Personal information
- Born: 22 April 1969 (age 56)
- Original team: Swan Districts (WAFL)
- Debut: Round 3, 1992, Brisbane Bears vs. Fitzroy, at Carrara Stadium

Playing career^{1}
- Years: Club / Games (Goals)
- 1992: Brisbane Bears / 15 (2)
- 1993: West Coast / 03 (0)
- 1995: Fremantle / 06 (2)
- Total:  / 24 (4)
- ^{1} Playing statistics correct to the end of 1995.

Career highlights
- WA State Representative: 1990, 91, 93, 94; Simpson Medal: 1991;

= Brendon Retzlaff =

Australian rules footballer (born 1969)

Brendon Retzlaff (born 22 April 1969) is a former Australian rules footballer who played for the Brisbane Bears, West Coast Eagles and Fremantle Dockers in the Australian Football League between 1992 and 1995.

After making his senior football debut for Swan Districts in the WAFL in 1989, he was drafted by Collingwood with selection 52 in the 1990 AFL draft but did not play a league game for them. At the end of the 1991 season he was traded to Brisbane as part of a series of trades involving Colin Alexander, Brad Rowe and Brad Hardie. He played fifteen games for the Bears, but was delisted at the end of the year. The West Coast Eagles selected him with their first selection, number 19 overall, in the 1993 Pre-Season Draft. He would only play 3 games for them before again being delisted.

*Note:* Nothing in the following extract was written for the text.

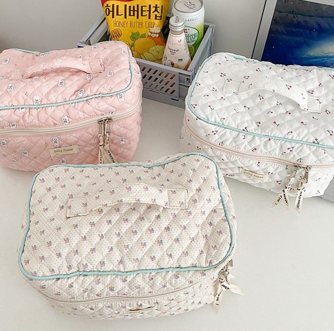キルティングポーチ3色化粧ポーチトラベルポーチ大容量洗面用具大きいおしゃれかわいい韓国旅行小物入れ収納化粧品メイクポーチ持ち手四角メイクボックスバニティー大きめ花柄さくらんぼチェリーリボン柔らかい綿

He spent the 1994 season playing for Swan Districts, before being named as a foundation selection with the new Fremantle Football Club. He played six games for Fremantle before being delisted at the end of the season. He continued to play for the Swans in the WAFL, being named as their captain in 1997, his final year of league football. He represented Western Australia four times, winning the Simpson Medal in 1991 for being the best player for Western Australia.